What is needed ▸
From the first line of the data down to and including the line with "フル装備 / CD /", copy everything exactly, leaving out pictures.
================
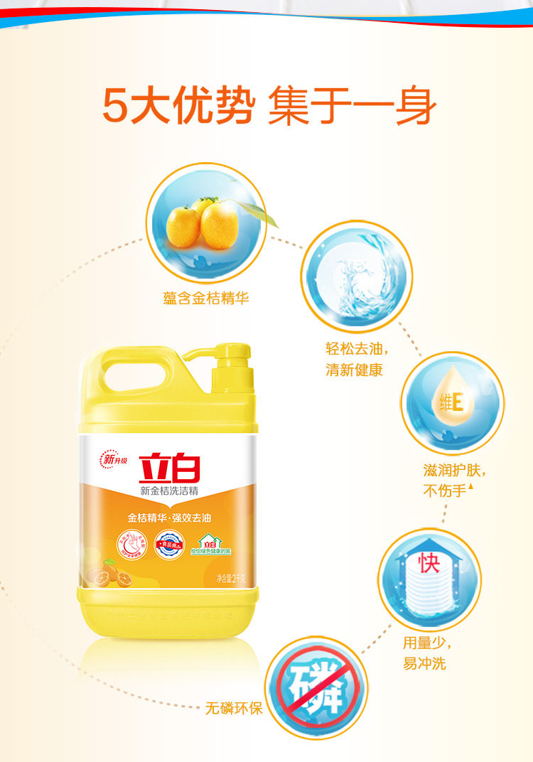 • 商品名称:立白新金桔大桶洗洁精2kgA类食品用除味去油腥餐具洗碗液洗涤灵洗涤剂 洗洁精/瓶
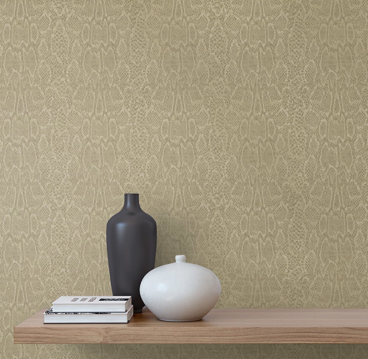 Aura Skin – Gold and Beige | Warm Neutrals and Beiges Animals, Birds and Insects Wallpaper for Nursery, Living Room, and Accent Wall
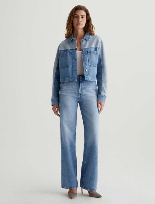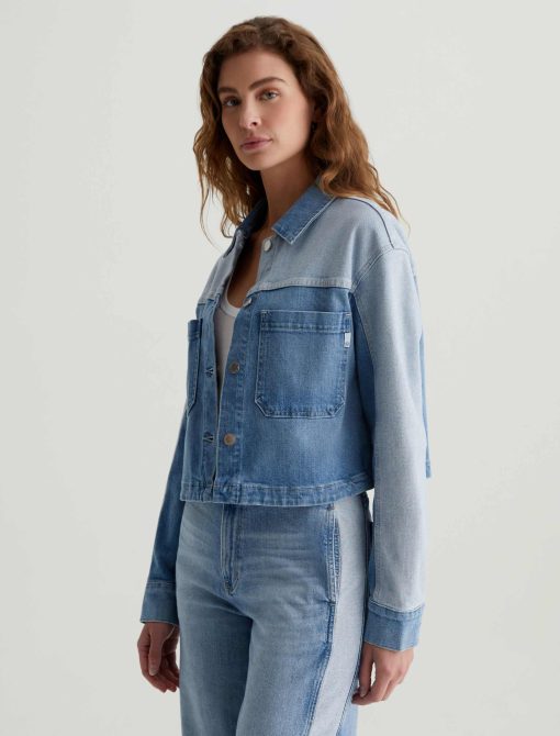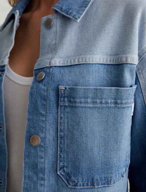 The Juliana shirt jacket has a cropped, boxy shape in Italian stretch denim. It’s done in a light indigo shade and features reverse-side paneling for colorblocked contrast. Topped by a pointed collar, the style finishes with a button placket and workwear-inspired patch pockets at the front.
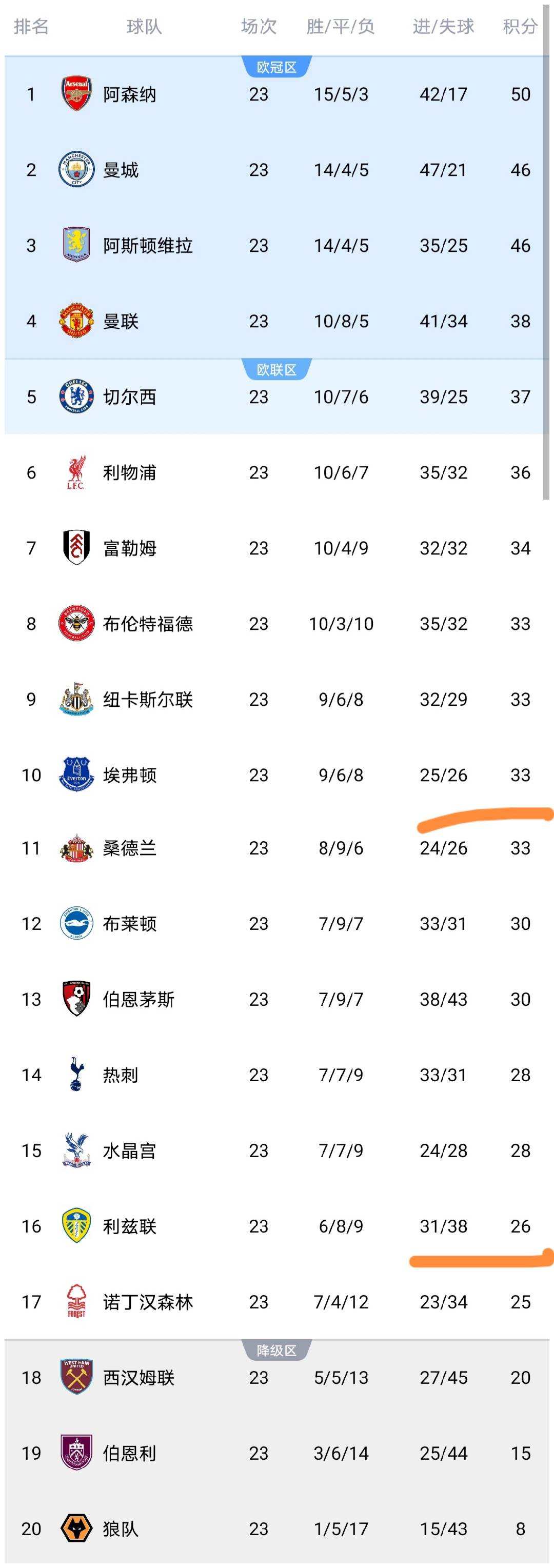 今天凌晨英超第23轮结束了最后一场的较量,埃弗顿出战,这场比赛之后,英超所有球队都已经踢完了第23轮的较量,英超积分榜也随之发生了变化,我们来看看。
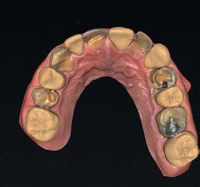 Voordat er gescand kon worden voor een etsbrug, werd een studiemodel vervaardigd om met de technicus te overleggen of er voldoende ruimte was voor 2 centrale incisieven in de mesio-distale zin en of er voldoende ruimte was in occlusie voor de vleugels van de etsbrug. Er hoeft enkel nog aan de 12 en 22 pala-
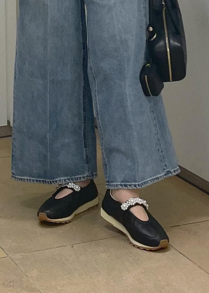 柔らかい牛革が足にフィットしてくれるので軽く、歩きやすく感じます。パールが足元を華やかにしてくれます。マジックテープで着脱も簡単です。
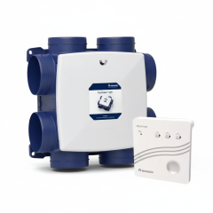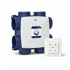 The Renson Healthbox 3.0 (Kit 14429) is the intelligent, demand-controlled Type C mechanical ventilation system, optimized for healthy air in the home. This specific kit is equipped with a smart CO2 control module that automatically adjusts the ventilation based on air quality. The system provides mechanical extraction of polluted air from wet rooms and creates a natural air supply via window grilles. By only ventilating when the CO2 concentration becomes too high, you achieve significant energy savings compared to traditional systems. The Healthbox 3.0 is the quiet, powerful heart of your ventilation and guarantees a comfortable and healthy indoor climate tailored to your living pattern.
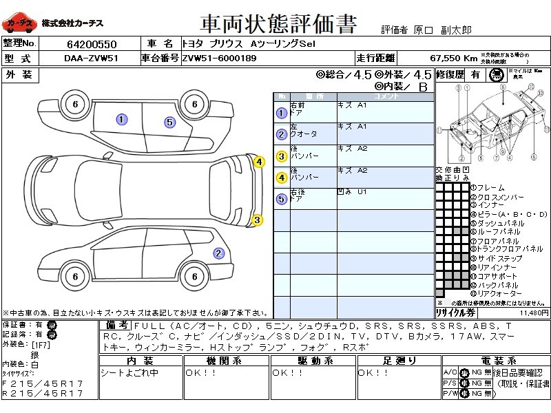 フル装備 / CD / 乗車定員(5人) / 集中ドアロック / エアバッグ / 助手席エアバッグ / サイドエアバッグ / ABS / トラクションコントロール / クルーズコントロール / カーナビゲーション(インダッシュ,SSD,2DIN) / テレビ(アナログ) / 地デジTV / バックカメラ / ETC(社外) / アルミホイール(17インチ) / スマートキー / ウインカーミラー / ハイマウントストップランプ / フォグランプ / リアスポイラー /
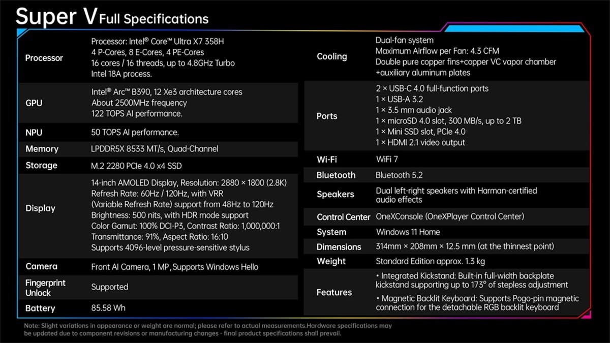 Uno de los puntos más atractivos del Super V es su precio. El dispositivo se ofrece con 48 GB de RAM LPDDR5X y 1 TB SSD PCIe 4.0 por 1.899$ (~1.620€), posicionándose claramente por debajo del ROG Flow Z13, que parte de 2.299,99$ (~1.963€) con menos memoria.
================
Problem solution ▸
 • 商品名称:立白新金桔大桶洗洁精2kgA类食品用除味去油腥餐具洗碗液洗涤灵洗涤剂 洗洁精/瓶
 Aura Skin – Gold and Beige | Warm Neutrals and Beiges Animals, Birds and Insects Wallpaper for Nursery, Living Room, and Accent Wall
 The Juliana shirt jacket has a cropped, boxy shape in Italian stretch denim. It’s done in a light indigo shade and features reverse-side paneling for colorblocked contrast. Topped by a pointed collar, the style finishes with a button placket and workwear-inspired patch pockets at the front.
 今天凌晨英超第23轮结束了最后一场的较量,埃弗顿出战,这场比赛之后,英超所有球队都已经踢完了第23轮的较量,英超积分榜也随之发生了变化,我们来看看。
 Voordat er gescand kon worden voor een etsbrug, werd een studiemodel vervaardigd om met de technicus te overleggen of er voldoende ruimte was voor 2 centrale incisieven in de mesio-distale zin en of er voldoende ruimte was in occlusie voor de vleugels van de etsbrug. Er hoeft enkel nog aan de 12 en 22 pala-
 柔らかい牛革が足にフィットしてくれるので軽く、歩きやすく感じます。パールが足元を華やかにしてくれます。マジックテープで着脱も簡単です。
 The Renson Healthbox 3.0 (Kit 14429) is the intelligent, demand-controlled Type C mechanical ventilation system, optimized for healthy air in the home. This specific kit is equipped with a smart CO2 control module that automatically adjusts the ventilation based on air quality. The system provides mechanical extraction of polluted air from wet rooms and creates a natural air supply via window grilles. By only ventilating when the CO2 concentration becomes too high, you achieve significant energy savings compared to traditional systems. The Healthbox 3.0 is the quiet, powerful heart of your ventilation and guarantees a comfortable and healthy indoor climate tailored to your living pattern.
 フル装備 / CD / 乗車定員(5人) / 集中ドアロック / エアバッグ / 助手席エアバッグ / サイドエアバッグ / ABS / トラクションコントロール / クルーズコントロール / カーナビゲーション(インダッシュ,SSD,2DIN) / テレビ(アナログ) / 地デジTV / バックカメラ / ETC(社外) / アルミホイール(17インチ) / スマートキー / ウインカーミラー / ハイマウントストップランプ / フォグランプ / リアスポイラー /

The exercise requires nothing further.